## Directions for this task
Retype the data that follows exactly. No pictures belong in the copy.

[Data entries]
<<<<

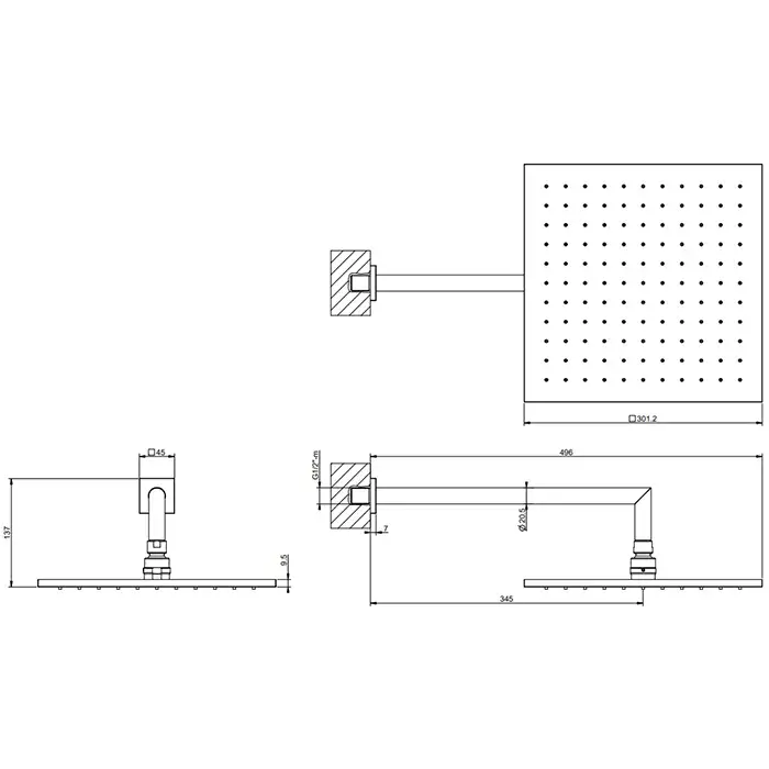 Gessi Emporio Shower Верхний душ 30x30 см 1 вид струи, кронштейн настенный 35 см, цвет: matte black 47364#299
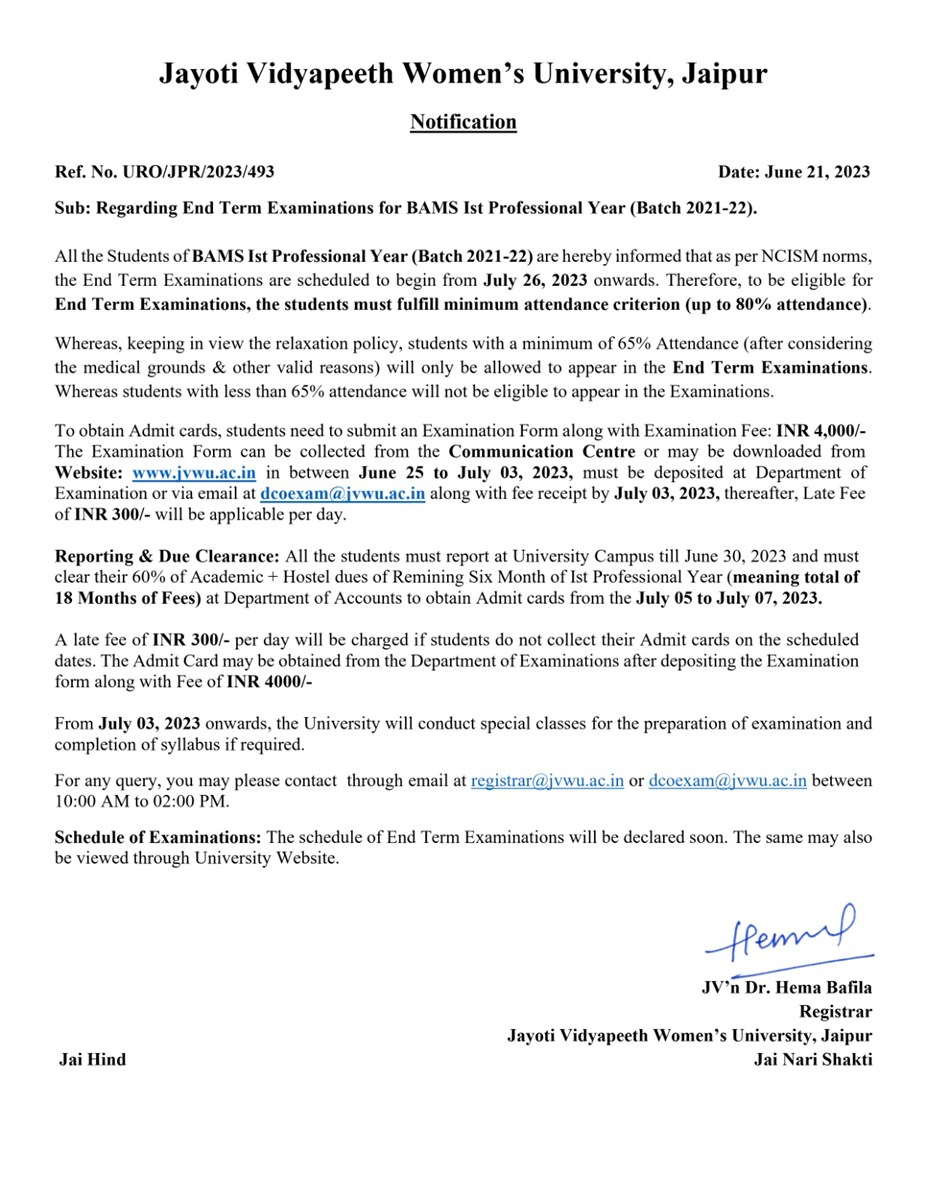 All the Students of BAMS I Professional Year (Batch 2021-22) are hereby informed that as per NCISM norms, the End Term Examinations are scheduled to begin from 25 July 2023 onwards. Therefore, to be eligible for End Term Examinations, the students must fulfill min. attendance criteria (up to 80% attendance). Whereas, keeping in view the relaxation policy, students with a minimum of 65% Attendance (after considering the medical grounds & other valid reasons) will only be allowed to appear in the End Term Examinations. Whereas students with less than 65% attendance will not be eligible to appear in the Examinations.
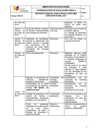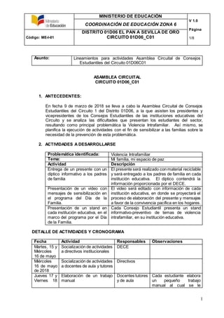 El documento describe las actividades planeadas por los Consejos Estudiantiles de varias escuelas para prevenir la violencia intrafamiliar. Los estudiantes elaborarán presentes con mensajes de paz familiar y grabarán videos con el mismo mensaje. Estas actividades se llevarán a cabo durante el Día de la Familia, donde los estudiantes entregarán los presentes a los padres y presentarán stands informativos. El objetivo es sensibilizar a las familias sobre la importancia de un hogar sin violencia.
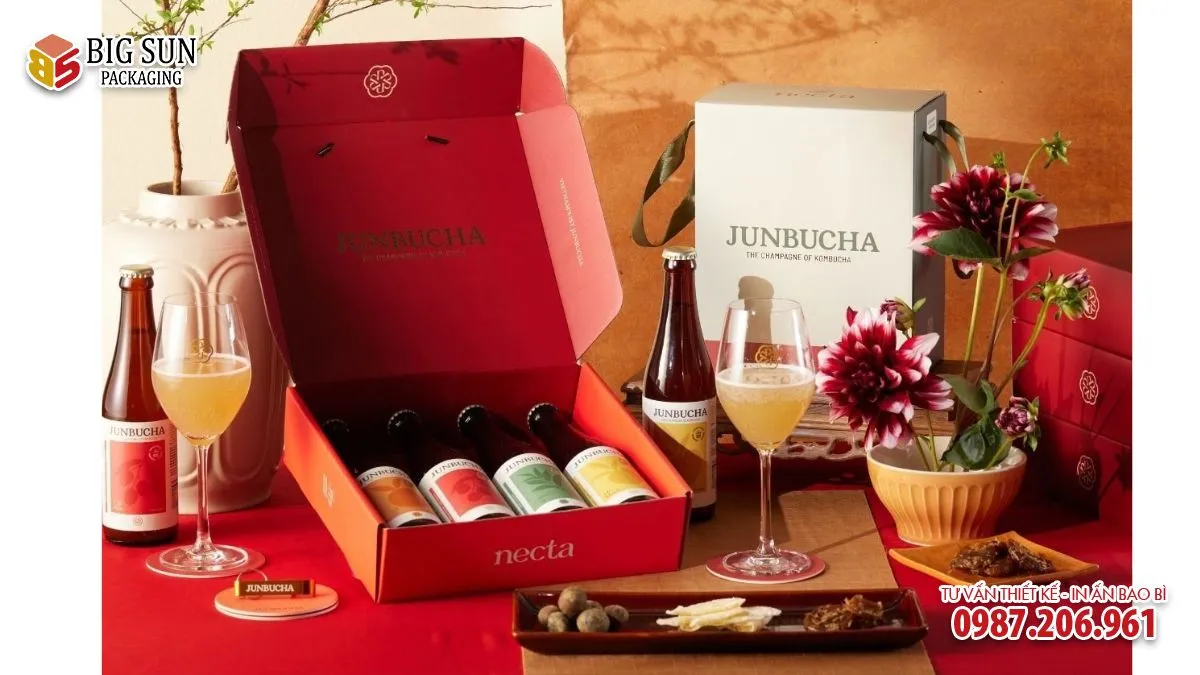 Một hộp đựng rượu được đầu tư bài bản không chỉ bảo vệ sản phẩm mà còn truyền tải thông điệp về sự chỉn chu và tôn trọng người nhận. Set hộp JunBuCha cho thấy cách thương hiệu kể câu chuyện của mình thông qua bao bì – tinh tế, hiện đại và có chiều sâu.
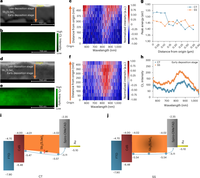 图3:横截面阴极发光(CL)光谱及能带边分布。a–c, CT 样品横截面的扫描电子显微镜(SEM)图像(a)、阴极发光(CL)分布图(b)以及沿起始点方向(由橙色箭头标示)的CL光谱(c)。d–f, SS样品横截面的扫描电子显微镜(SEM)图像(d)、阴极发光(CL)分布图(e)以及沿起始点方向(由橙色箭头标示)的CL光谱(f)。其中,a和d中橙色箭头的起点定义为Origin(起始点)。超薄横截面样品均通过聚焦离子束(FIB)制备。在b和e中,图像亮度对应于选定带通波长窗口内的CL强度。不同深度处获得的光谱线型叠加于同一图中,以直观展示峰位随深度变化的行为,详见补充图7和8。c 和 f中出现的高能峰源自CdS层。g, 由c和f中CL光谱提取的峰位能量。h, CT与SS样品在沉积早期阶段的CL光谱对比。i、j, CT(i)和SS(j)器件的能带边分布示意图。沉积早期的Sb2(S,Se)3薄膜通过将水热反应时间缩短至20 min制备,最终厚度约为20 nm。Sb2(S,Se)3的能带位置通过紫外光电子能谱(UPS)和UV–vis吸收光谱测定。蓝色带“+”号的圆点表示体内自由空穴,其需沿箭头方向传输并最终被Spiro-OMeTAD收集。ΔE表示在CT条件下由于价带顶(VBM)梯度引入的空穴传输能垒,该能垒在SS条件下消失。a.u. 表示任意单位。
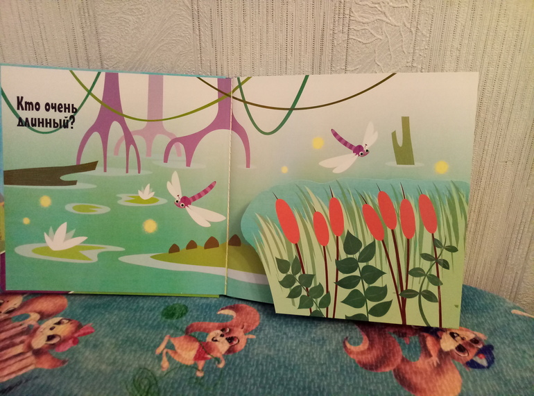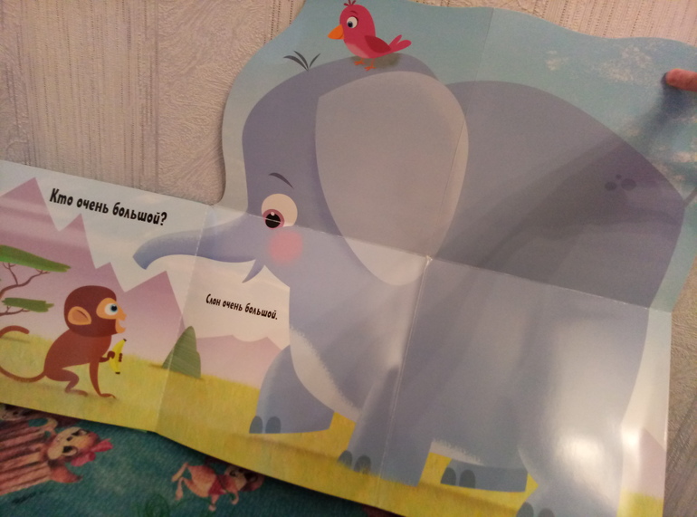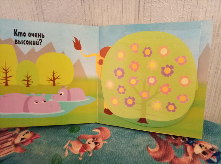 И вторая книга Кто высокий из серии Отогни и посмотри. Куплена давно, и долго лежала невостребованная. Но тут как то мелкий сам ее с полки достал и стал читать, играть. В книги всего пять разворотов. Рисунки в таком минимальной стиле, особо рассматривать нечего, чтоб от главного не отвлекаться) А главное в этой книге изучение понятий высокий, длинный, маленький , большой и необычные клапаны.
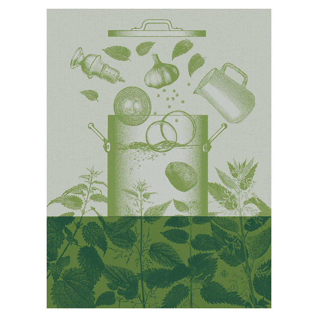 Le Jacquard Francais' Veloutés d'orties tea towels bring a delicate note of freshness and well-being to your decor. The design itself is of the Nettle Soup. Le Jacquard Français tea towels are a real charm in your kitchen! Thanks to their remarkable qualities, which they derive from the quality of their fibers, they will last for years. They have generous dimensions of 24 x 31" and a woven label to hang them easily in your kitchen. 100% long staple combed cotton. France.
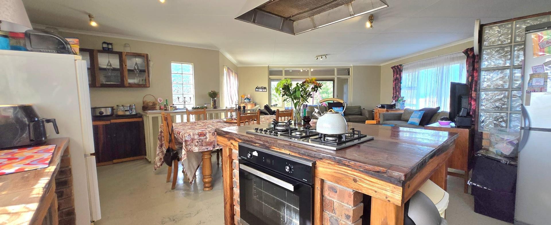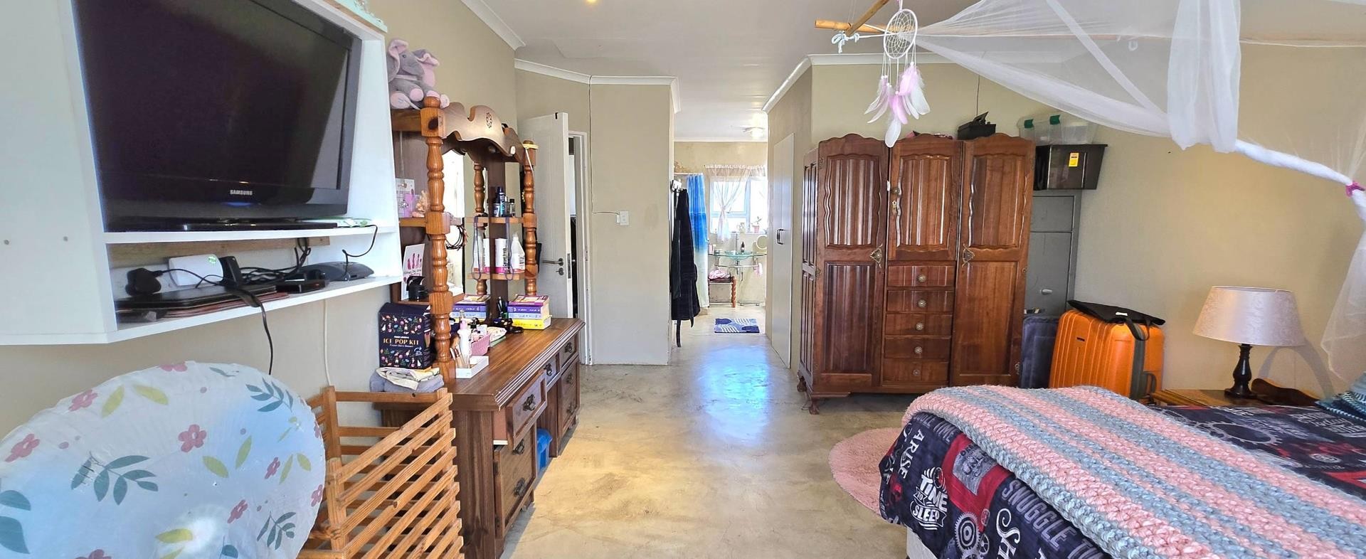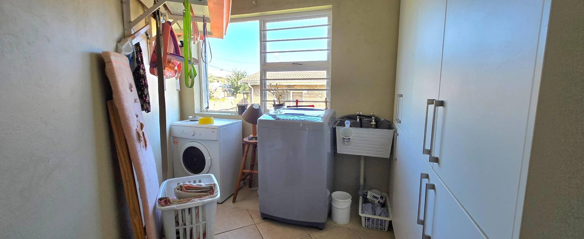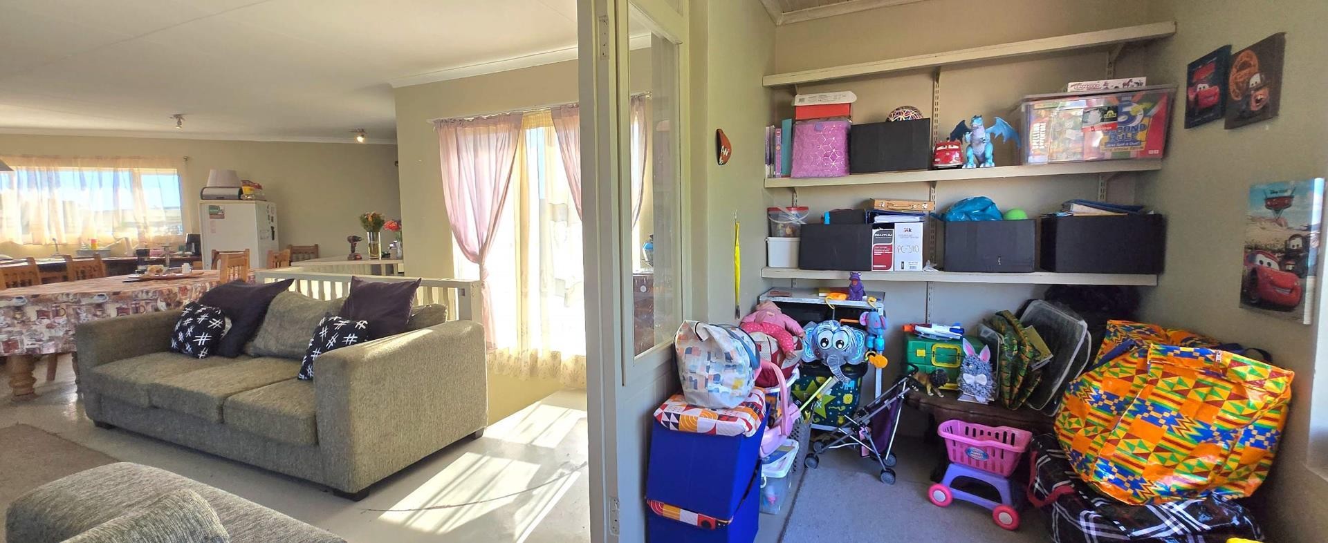 The open-plan kitchen is ideal for modern living, featuring an adjacent scullery for added convenience. The upstairs living and braai room offer distant sea views, perfect for entertaining all year round thanks to the built-in indoor braai. The home also features low-maintenance cement screed flooring throughout.
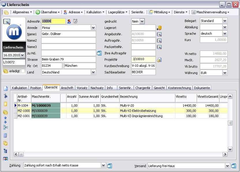Beispiel: Neumaschine, die in einen Lieferschein genommen wurde:

>>>>

## Response to the exercise
 Gessi Emporio Shower Верхний душ 30x30 см 1 вид струи, кронштейн настенный 35 см, цвет: matte black 47364#299
 All the Students of BAMS I Professional Year (Batch 2021-22) are hereby informed that as per NCISM norms, the End Term Examinations are scheduled to begin from 25 July 2023 onwards. Therefore, to be eligible for End Term Examinations, the students must fulfill min. attendance criteria (up to 80% attendance). Whereas, keeping in view the relaxation policy, students with a minimum of 65% Attendance (after considering the medical grounds & other valid reasons) will only be allowed to appear in the End Term Examinations. Whereas students with less than 65% attendance will not be eligible to appear in the Examinations.
 El documento describe las actividades planeadas por los Consejos Estudiantiles de varias escuelas para prevenir la violencia intrafamiliar. Los estudiantes elaborarán presentes con mensajes de paz familiar y grabarán videos con el mismo mensaje. Estas actividades se llevarán a cabo durante el Día de la Familia, donde los estudiantes entregarán los presentes a los padres y presentarán stands informativos. El objetivo es sensibilizar a las familias sobre la importancia de un hogar sin violencia.
 Một hộp đựng rượu được đầu tư bài bản không chỉ bảo vệ sản phẩm mà còn truyền tải thông điệp về sự chỉn chu và tôn trọng người nhận. Set hộp JunBuCha cho thấy cách thương hiệu kể câu chuyện của mình thông qua bao bì – tinh tế, hiện đại và có chiều sâu.
 图3:横截面阴极发光(CL)光谱及能带边分布。a–c, CT 样品横截面的扫描电子显微镜(SEM)图像(a)、阴极发光(CL)分布图(b)以及沿起始点方向(由橙色箭头标示)的CL光谱(c)。d–f, SS样品横截面的扫描电子显微镜(SEM)图像(d)、阴极发光(CL)分布图(e)以及沿起始点方向(由橙色箭头标示)的CL光谱(f)。其中,a和d中橙色箭头的起点定义为Origin(起始点)。超薄横截面样品均通过聚焦离子束(FIB)制备。在b和e中,图像亮度对应于选定带通波长窗口内的CL强度。不同深度处获得的光谱线型叠加于同一图中,以直观展示峰位随深度变化的行为,详见补充图7和8。c 和 f中出现的高能峰源自CdS层。g, 由c和f中CL光谱提取的峰位能量。h, CT与SS样品在沉积早期阶段的CL光谱对比。i、j, CT(i)和SS(j)器件的能带边分布示意图。沉积早期的Sb2(S,Se)3薄膜通过将水热反应时间缩短至20 min制备,最终厚度约为20 nm。Sb2(S,Se)3的能带位置通过紫外光电子能谱(UPS)和UV–vis吸收光谱测定。蓝色带“+”号的圆点表示体内自由空穴,其需沿箭头方向传输并最终被Spiro-OMeTAD收集。ΔE表示在CT条件下由于价带顶(VBM)梯度引入的空穴传输能垒,该能垒在SS条件下消失。a.u. 表示任意单位。
 И вторая книга Кто высокий из серии Отогни и посмотри. Куплена давно, и долго лежала невостребованная. Но тут как то мелкий сам ее с полки достал и стал читать, играть. В книги всего пять разворотов. Рисунки в таком минимальной стиле, особо рассматривать нечего, чтоб от главного не отвлекаться) А главное в этой книге изучение понятий высокий, длинный, маленький , большой и необычные клапаны.
 Le Jacquard Francais' Veloutés d'orties tea towels bring a delicate note of freshness and well-being to your decor. The design itself is of the Nettle Soup. Le Jacquard Français tea towels are a real charm in your kitchen! Thanks to their remarkable qualities, which they derive from the quality of their fibers, they will last for years. They have generous dimensions of 24 x 31" and a woven label to hang them easily in your kitchen. 100% long staple combed cotton. France.
 The open-plan kitchen is ideal for modern living, featuring an adjacent scullery for added convenience. The upstairs living and braai room offer distant sea views, perfect for entertaining all year round thanks to the built-in indoor braai. The home also features low-maintenance cement screed flooring throughout.
Beispiel: Neumaschine, die in einen Lieferschein genommen wurde:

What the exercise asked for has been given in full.